== Required work ==
Skip pictures in the listing below; copy exactly the lines from the one with "作り方①ハムを3枚重ねてチーズをのせ、さらにハムを3枚重ねる" through the one with "Ветеринарный паспорт крупного", inclusive.
(Entries shown Opens)
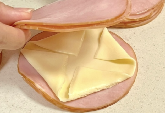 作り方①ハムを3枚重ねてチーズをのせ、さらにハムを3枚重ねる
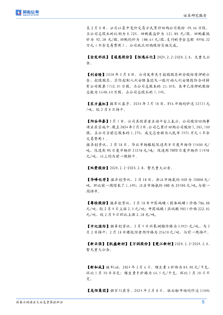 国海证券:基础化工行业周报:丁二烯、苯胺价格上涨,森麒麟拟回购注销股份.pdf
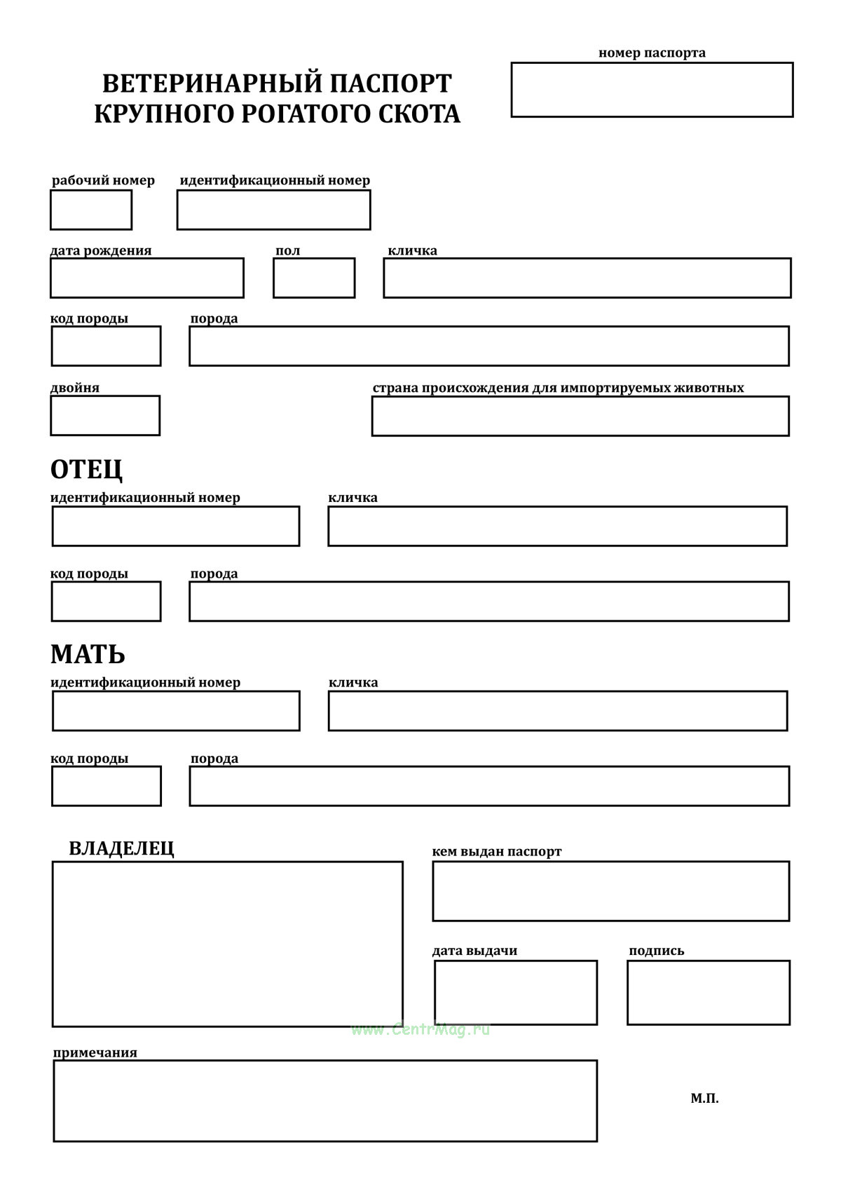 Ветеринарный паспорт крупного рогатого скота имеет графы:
(Entries shown Closes)
(Entries shown Opens)
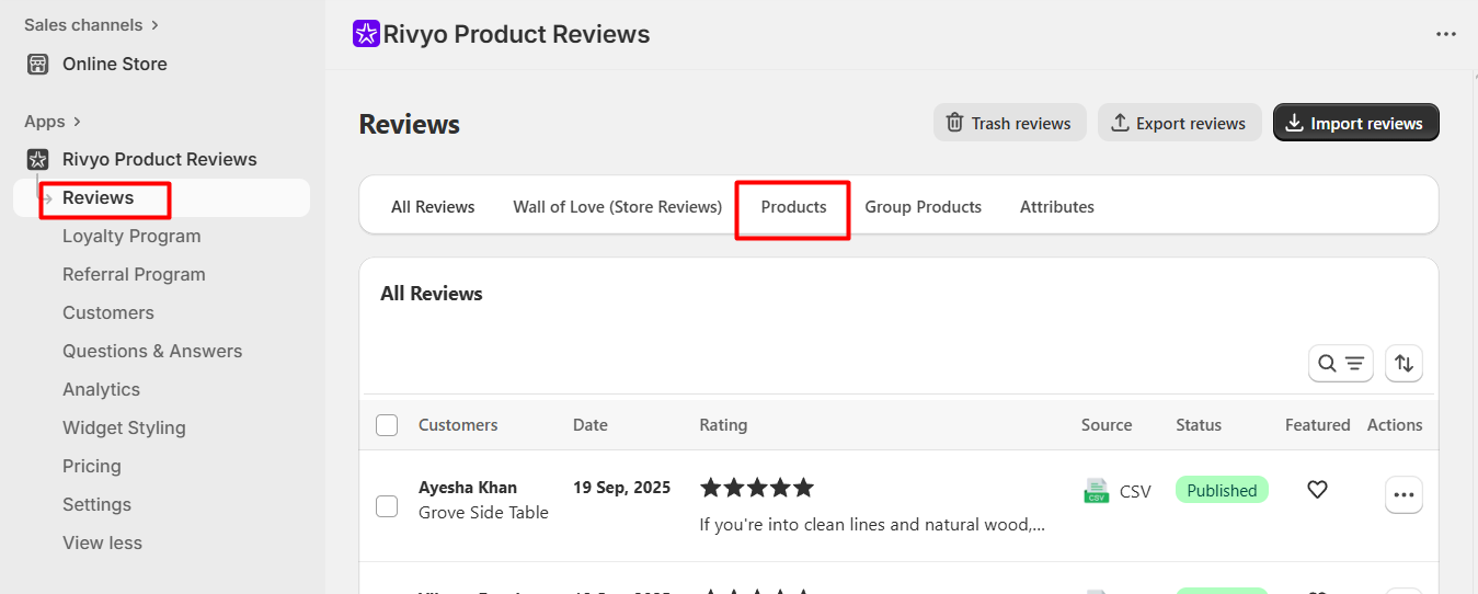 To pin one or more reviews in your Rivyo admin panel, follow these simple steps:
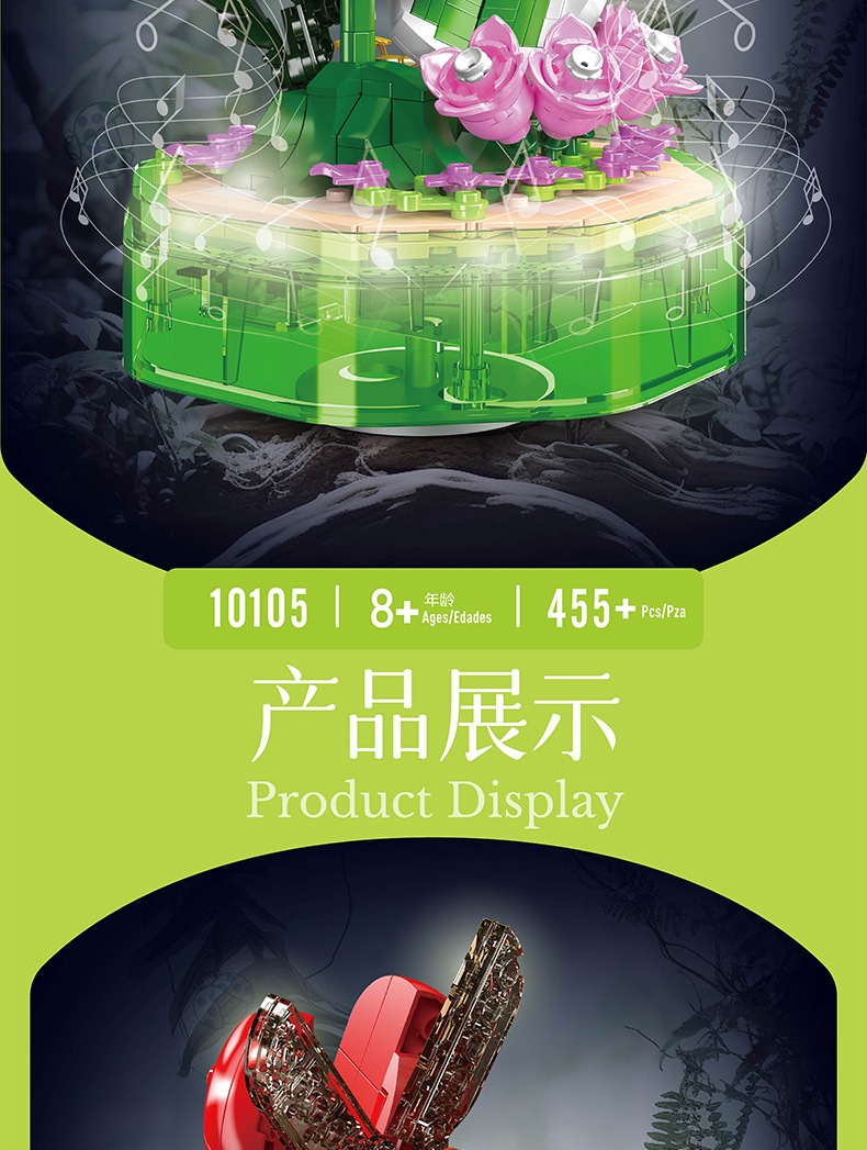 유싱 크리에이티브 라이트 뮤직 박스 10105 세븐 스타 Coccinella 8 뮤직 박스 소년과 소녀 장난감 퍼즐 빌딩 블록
(Entries shown Closes)
(Entries shown Opens)
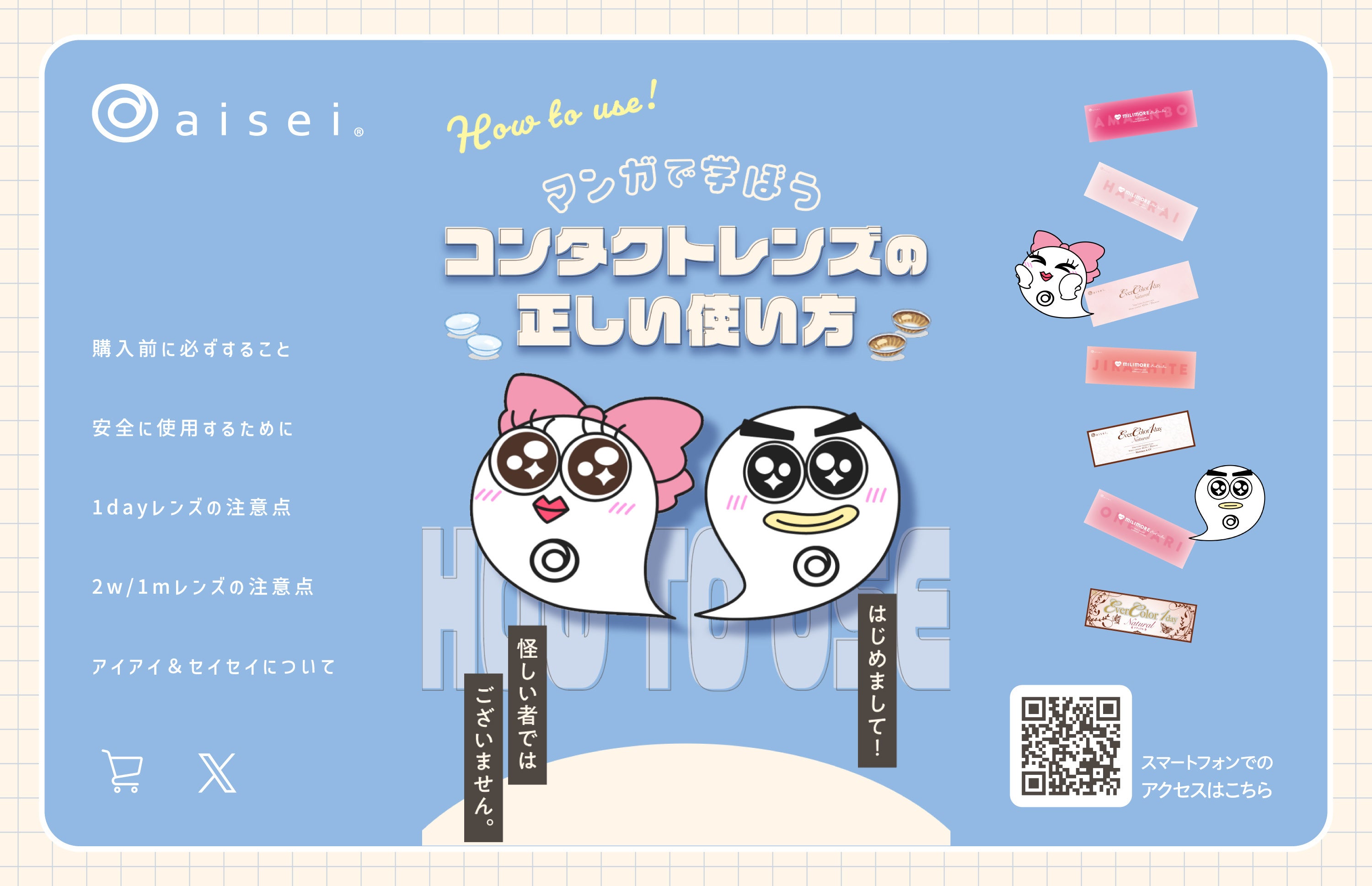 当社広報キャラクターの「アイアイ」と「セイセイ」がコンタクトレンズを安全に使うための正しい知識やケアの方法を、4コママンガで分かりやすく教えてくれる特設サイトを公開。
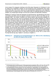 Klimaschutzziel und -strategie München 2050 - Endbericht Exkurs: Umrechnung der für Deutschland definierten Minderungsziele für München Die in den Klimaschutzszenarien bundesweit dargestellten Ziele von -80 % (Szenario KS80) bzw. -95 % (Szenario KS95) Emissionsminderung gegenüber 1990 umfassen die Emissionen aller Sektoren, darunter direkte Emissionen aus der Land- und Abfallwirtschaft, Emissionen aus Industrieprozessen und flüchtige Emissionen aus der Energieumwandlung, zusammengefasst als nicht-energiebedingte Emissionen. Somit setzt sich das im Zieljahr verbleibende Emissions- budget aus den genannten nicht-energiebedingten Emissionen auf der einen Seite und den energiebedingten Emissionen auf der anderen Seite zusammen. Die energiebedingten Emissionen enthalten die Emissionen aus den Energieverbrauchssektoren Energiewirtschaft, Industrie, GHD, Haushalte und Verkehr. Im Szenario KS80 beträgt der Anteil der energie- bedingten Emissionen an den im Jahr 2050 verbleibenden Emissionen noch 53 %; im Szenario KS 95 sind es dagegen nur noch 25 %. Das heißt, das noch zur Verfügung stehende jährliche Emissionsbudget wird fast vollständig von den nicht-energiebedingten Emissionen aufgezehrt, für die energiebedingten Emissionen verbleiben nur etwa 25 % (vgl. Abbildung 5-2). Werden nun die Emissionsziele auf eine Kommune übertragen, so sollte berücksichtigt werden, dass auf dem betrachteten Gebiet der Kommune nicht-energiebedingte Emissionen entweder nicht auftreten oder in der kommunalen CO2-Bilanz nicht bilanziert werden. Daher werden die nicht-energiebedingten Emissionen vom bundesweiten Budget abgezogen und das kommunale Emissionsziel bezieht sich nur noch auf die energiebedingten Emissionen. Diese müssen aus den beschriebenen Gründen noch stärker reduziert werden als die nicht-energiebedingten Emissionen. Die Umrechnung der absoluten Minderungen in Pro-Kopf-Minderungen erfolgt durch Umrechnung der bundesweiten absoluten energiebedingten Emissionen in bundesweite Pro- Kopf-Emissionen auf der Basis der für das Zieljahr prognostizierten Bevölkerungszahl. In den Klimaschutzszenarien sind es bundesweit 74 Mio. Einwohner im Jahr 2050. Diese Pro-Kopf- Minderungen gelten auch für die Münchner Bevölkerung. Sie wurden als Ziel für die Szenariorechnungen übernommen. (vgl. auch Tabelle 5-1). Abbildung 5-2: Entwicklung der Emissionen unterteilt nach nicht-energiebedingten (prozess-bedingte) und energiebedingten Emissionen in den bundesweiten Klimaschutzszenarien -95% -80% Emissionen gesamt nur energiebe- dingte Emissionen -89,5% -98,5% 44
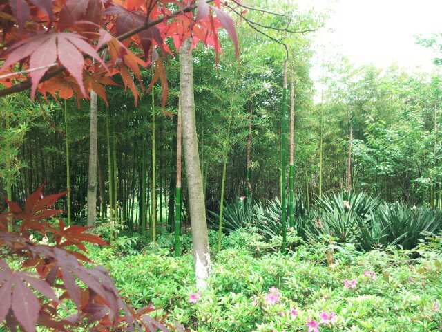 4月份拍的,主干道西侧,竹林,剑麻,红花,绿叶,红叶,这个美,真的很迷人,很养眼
(Entries shown Closes)
== Result of the exercise ==
 作り方①ハムを3枚重ねてチーズをのせ、さらにハムを3枚重ねる
 国海证券:基础化工行业周报:丁二烯、苯胺价格上涨,森麒麟拟回购注销股份.pdf
 Ветеринарный паспорт крупного рогатого скота имеет графы:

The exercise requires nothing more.